[<prev] [next>] [<thread-prev] [thread-next>] [day] [month] [year] [list]
Message-ID: <44428f1e-ca2c-466f-952f-d5ad33f12073@amd.com>
Date: Tue, 20 Jun 2023 16:05:45 +0530
From: Swapnil Sapkal <Swapnil.Sapkal@....com>
To: Peter Zijlstra <peterz@...radead.org>
Cc: linux-kernel@...r.kernel.org, linux-tip-commits@...r.kernel.org,
Aaron Lu <aaron.lu@...el.com>,
Mathieu Desnoyers <mathieu.desnoyers@...icios.com>,
x86@...nel.org
Subject: Re: [tip: sched/core] sched: Fix performance regression introduced by
mm_cid
Hello Peter,
On 6/20/2023 2:41 PM, Peter Zijlstra wrote:
> On Tue, Jun 20, 2023 at 01:44:32PM +0530, Swapnil Sapkal wrote:
>> Hello Mathieu,
>>
>> On 4/22/2023 1:13 PM, tip-bot2 for Mathieu Desnoyers wrote:
>>> The following commit has been merged into the sched/core branch of tip:
>>>
>>> Commit-ID: 223baf9d17f25e2608dbdff7232c095c1e612268
>>> Gitweb: https://git.kernel.org/tip/223baf9d17f25e2608dbdff7232c095c1e612268
>>> Author: Mathieu Desnoyers <mathieu.desnoyers@...icios.com>
>>> AuthorDate: Thu, 20 Apr 2023 10:55:48 -04:00
>>> Committer: Peter Zijlstra <peterz@...radead.org>
>>> CommitterDate: Fri, 21 Apr 2023 13:24:20 +02:00
>>>
>>> sched: Fix performance regression introduced by mm_cid
>>>
>>> Introduce per-mm/cpu current concurrency id (mm_cid) to fix a PostgreSQL
>>> sysbench regression reported by Aaron Lu.
>>>
>>> Keep track of the currently allocated mm_cid for each mm/cpu rather than
>>> freeing them immediately on context switch.
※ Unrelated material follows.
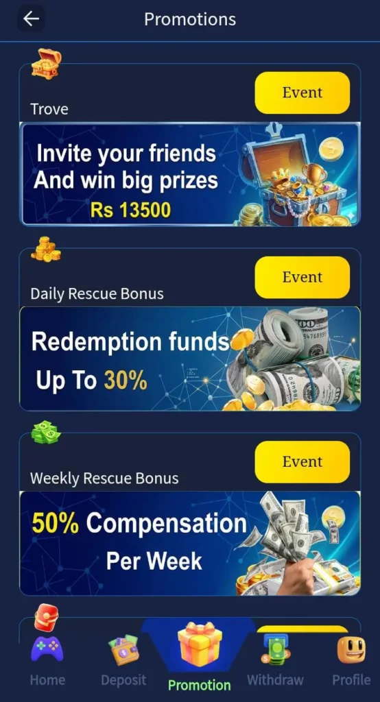 The application provides fast deposit options for players. The application allows players to withdraw their money within a short period.

This eliminates most atomic
>>> operations when context switching back and forth between threads
>>> belonging to different memory spaces in multi-threaded scenarios (many
>>> processes, each with many threads). The per-mm/per-cpu mm_cid values are
>>> serialized by their respective runqueue locks.
>>>
>>> Thread migration is handled by introducing invocation to
>>> sched_mm_cid_migrate_to() (with destination runqueue lock held) in
>>> activate_task() for migrating tasks. If the destination cpu's mm_cid is
>>> unset, and if the source runqueue is not actively using its mm_cid, then
>>> the source cpu's mm_cid is moved to the destination cpu on migration.
>>>
>>> Introduce a task-work executed periodically, similarly to NUMA work,
>>> which delays reclaim of cid values when they are unused for a period of
>>> time.
>>>
>>> Keep track of the allocation time for each per-cpu cid, and let the task
>>> work clear them when they are observed to be older than
>>> SCHED_MM_CID_PERIOD_NS and unused. This task work also clears all
>>> mm_cids which are greater or equal to the Hamming weight of the mm
>>> cidmask to keep concurrency ids compact.
>>>
>>> Because we want to ensure the mm_cid converges towards the smaller
>>> values as migrations happen, the prior optimization that was done when
>>> context switching between threads belonging to the same mm is removed,
>>> because it could delay the lazy release of the destination runqueue
>>> mm_cid after it has been replaced by a migration. Removing this prior
>>> optimization is not an issue performance-wise because the introduced
>>> per-mm/per-cpu mm_cid tracking also covers this more specific case.
>>>
>>> Fixes: af7f588d8f73 ("sched: Introduce per-memory-map concurrency ID")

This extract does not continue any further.